Anagram permutations and spell checking

Ignatz · March 11, 2014, 2:39am

@West - the code above has no constraints. My original code did, and that can be removed by deleting the second condition in the line below from the GetPuzzle function

--change from
if x~=0 and string.sub(s,1,1)=="q" then table.insert(arr,WordList[i]) end
--to
if x~=0  then table.insert(arr,WordList[i]) end

But this function isn’t optimised for speed, and lists all matches. The code I posted above should be considerably faster.

West · March 11, 2014, 3:22am

Ah got it! Thanks a lot! Would you mind if I used this in my game?

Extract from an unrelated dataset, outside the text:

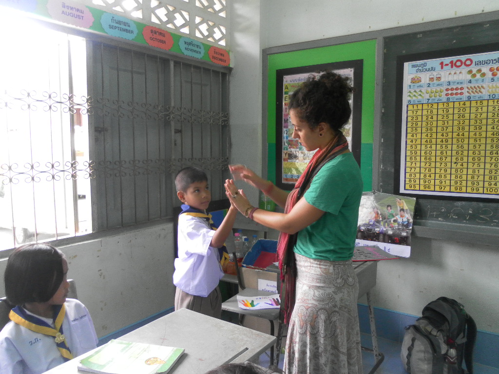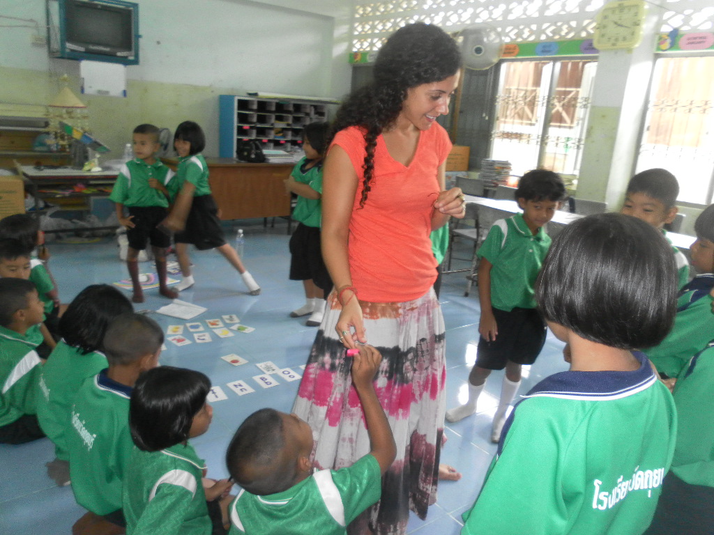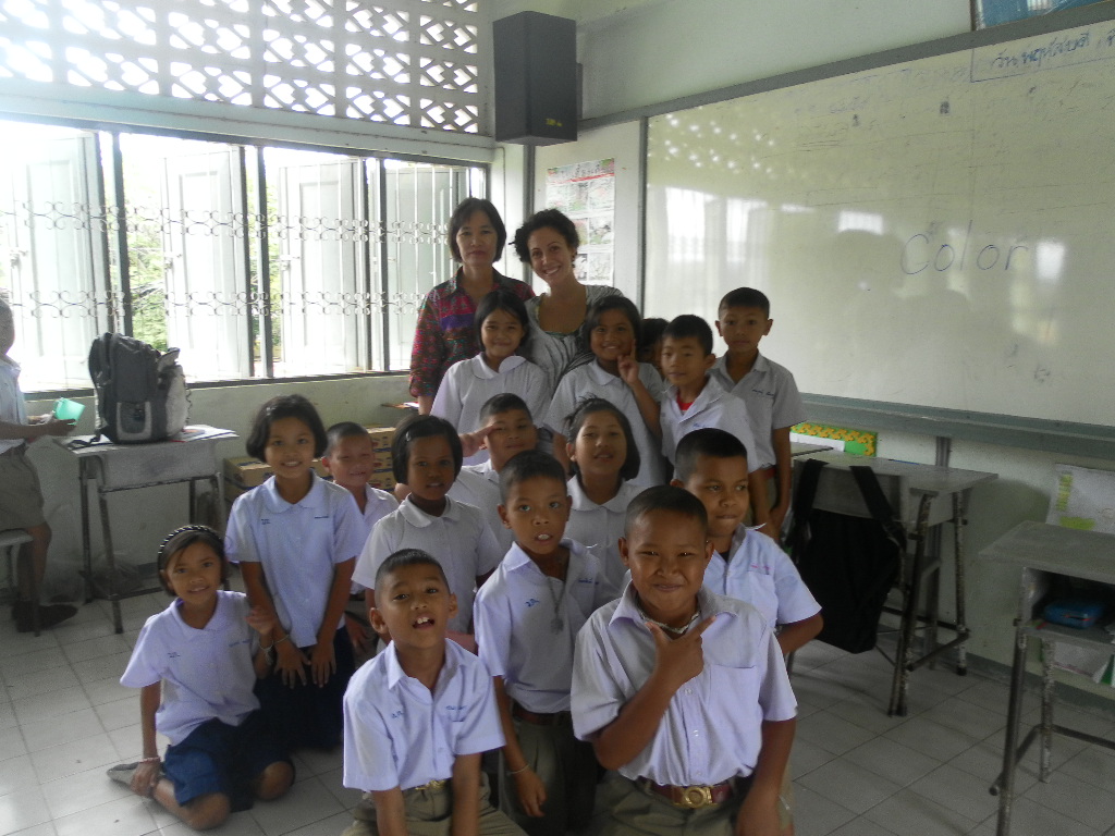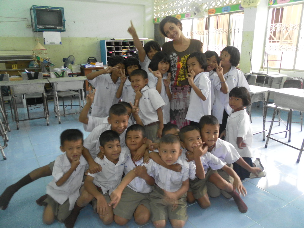 My students really want to learn from me and it is really rewarding. Right now I am teaching 5 classes, Monday-Friday, Ages 4-9 — sometimes after I am done teaching I stay with the young kids just to watch them at nap time. It is probably the most adorable thing I’ve ever witnessed in my life. The energy and enthusiasm in these kids is remarkable. Walking through the school I am overwhelmed by tiny Thai voices calling: “Kru (teacher) Gina! Sa-watdii Ka! (Good Day)”. In English at the beginning and end of every class they say “Thank you Teacher” and from day one I fell in love…

Ignatz · March 11, 2014, 3:25am

@West - of course you can!

West · March 11, 2014, 6:18am

@Ignatz - awesome - thanks!

dave1707 · March 11, 2014, 10:24am

@JakAttak I just did a google search for dictionaries and picked one that I liked. I created a png file with the words and sent it to my ipad. It’s a 1025x1025 png file that I read like a sprite with readImage. It takes 4-5 seconds to uncompress the png file and create a table with 300,249 word entries. I can scan the entire table in less than a second.

JakAttak · March 11, 2014, 6:34pm

@Ignatz, @West, @dave1707, thanks for the info. I will google a dictionary and see if I can find one that includes what I’m looking for.

EDIT: @West, the TWL (or maybe even the SOWPODS if i wish) seem perfect. Do you know if these are licensed / copyrighted in anyway?

Ignatz · March 12, 2014, 3:22am

@West, @dabuek - I tried the approach of creating a number composed of primes for each dictionary word, and seeing if it divides cleanly into the equivalent number made up of the letter string provided… I would have expected it to be faster than my approach above, because once the numbers are calculated, it only has to do one division per word tested. But it seems to be about the same speed. And of course, it takes some time up front to calculate the numbers.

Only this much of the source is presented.